Nitrogen excess induces cytokinesis arrest and alters lipid metabolism in the bloom-forming desmid Cosmarium tinctumopen access
- Authors
- Kang, Sungmo; Kim, Ki-Hyun; Shin, Hyeon Ho; Kim, Joo-Hwan; Kim, Baik-Ho; Li, Zhun
- Issue Date
- Sep-2025
- Publisher
- Elsevier
- Keywords
- Microalgae; Nitrogen excess; Lipid metabolism; Cytokinesis arrest; Stress physiology
- Citation
- Water Research X, v.28, pp 1 - 15
- Pages
- 15
- Indexed
- SCIE
SCOPUS
- Journal Title
- Water Research X
- Volume
- 28
- Start Page
- 1
- End Page
- 15
- URI
- https://scholarworks.bwise.kr/hanyang/handle/2021.sw.hanyang/208665
- DOI
- 10.1016/j.wroa.2025.100394
- ISSN
- 2589-9147
2589-9147
- Abstract
- The desmid genus Cosmarium often contributes to freshwater blooms.
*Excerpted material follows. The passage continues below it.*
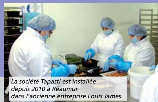
La société Tapasti est installée depuis 2010 à Réaumur dans l'ancienne entreprise Louis James .

However, its physiological response to nitrogen, particularly excess nitrogen, remains unclear. A systematic investigation was conducted to ascertain the effects of nitrogen availability on C. tinctum (KCTC AG60915), isolated from a bloom source. Cells were batch- cultured over 18 days at four nitrogen concentrations (2 to 250 mg N L-1), monitoring growth, life stages (FlowCam imaging), photosynthetic efficiency (Fv/Fm, Chlorophyll a contents by pulse-amplitude modulated fluorometry), and fatty acid profiles (gas chromatography), followed by multivariate data integration. Optimal growth occurred at 10 mg N L-1. High nitrogen levels (250 mg N L-1) significantly reduced growth rates and severely impaired photosynthetic efficiency (Fv/Fm values dropping to similar to 0.26), while inducing a substantial accumulation of Stage 3 daughter-cell pairs (up to similar to 15 % of cells), indicative of arrested cytokinesis confirmed by field emission scanning electron microscopy (FE-SEM). Total fatty acid (TFA) content peaked under nitrogen limitation (2 mg N L-1); however, under nitrogen excess, TFA content was not only the lowest but failed to show any net accumulation above initial levels, suggesting suppressed lipid biosynthesis. In contrast, fatty acid composition depended primarily on culture duration, revealing a decoupling from TFA content regulation. Multivariate analyses confirmed distinct nitrogen-driven physiological states. Nitrogen excess acts as a profound physiological stressor in C. tinctum (KCTC AG60915), markedly impairing photosynthesis, arresting cytokinesis, and severely suppressing net TFA accumulation, potentially involving carbon reallocation. These findings challenge simple nutrient-enrichment paradigms for desmids and reveal complex metabolic trade-offs relevant to ecophysiology and biotechnology.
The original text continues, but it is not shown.